– Co Polska chce osiągnąć? Po Ukrainie, jeśli padnie rozkaz, w sześć sekund pokażemy wam, na co nas stać. Lepiej zabierzcie broń, waszych najemników i oficjalnie przeproście naszego ambasadora. Pamiętajcie, tak tego nie zostawimy – powiedział.
Oskarżył też Polskę o „granie na melodię Ameryki i Zachodu”.
– Zaczęliście grać w bardzo złą grę z naszym państwem. (…) To nie skończy się dobrze – groził Kadyrow.
Rosyjski ambasador oblany farbą
9 maja, w obchodzony przez Rosję „Dzień Zwycięstwa” w Warszawie przy Mauzoleum Żołnierzy Radzieckich odbyła się manifestacja przeciwko wojnie na Ukrainie. Protestujący oblali czerwoną farbą dyplomatów rosyjskich – w tym ambasadora Sierigeja Andriejewa – którzy przybyli, by złożyć kwiaty pod pomnikiem i upamiętnić radzieckich żołnierzy.
Do ataku na dyplomatę przyznała się Iryna Zemlyana, ukraińska dziennikarka.
– Podeszliśmy do ambasadora, rozerwaliśmy paczki sztucznej krwi, a ta krew spadła na ambasadora i jego asystenta. Odeszli zawstydzeni, gdy krzyczeliśmy "faszyści". Nie pozwoliliśmy im złożyć kwiatów – mówiła.

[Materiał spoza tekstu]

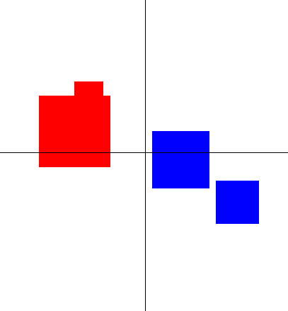 Funktio piirtää yhden neliön, jonka täyttöväri riippuu siitä onko aloituspisteen x-koordinaatti positiivinen vai negatiivinen. Negatiiviselle x-koordinaatin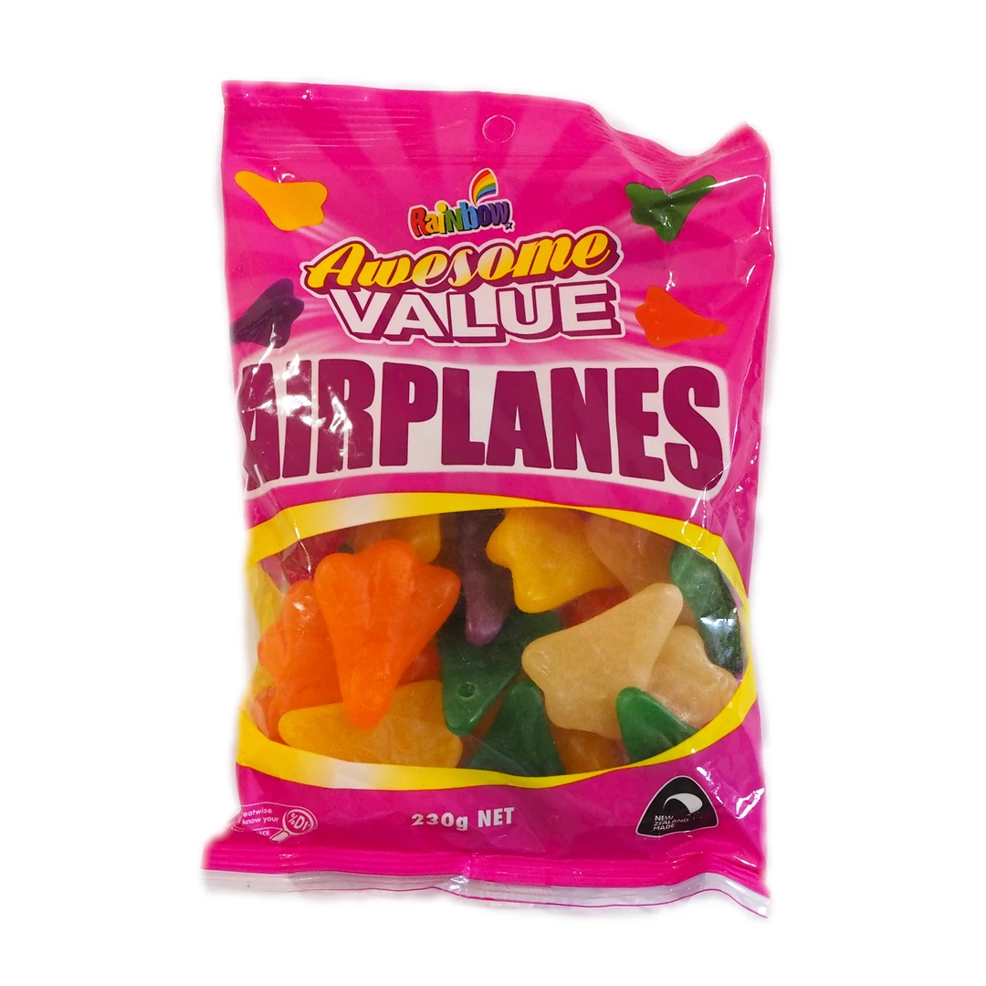 Ingredients (Air planes): Glucose sugar (from corn), sugar, water, thickener (140 from corn), beef gelatine, food acids (330 296), flavours, glazing agents (coconut oil 903) colours (102, 110, 122,133)

Atak potępił szef polskiego Ministerstwa Spraw Zagranicznych Zbigniew Rau.
– Wydarzenie, do którego doszło dzisiaj, podczas składania wieńców przy grobach poległych żołnierzy sowieckich przez ambasadora Federacji Rosyjskiej, stanowi incydent, który nie powinien mieć miejsca, incydent ze wszech miar godny ubolewania – skomentował wówczas minister Rau.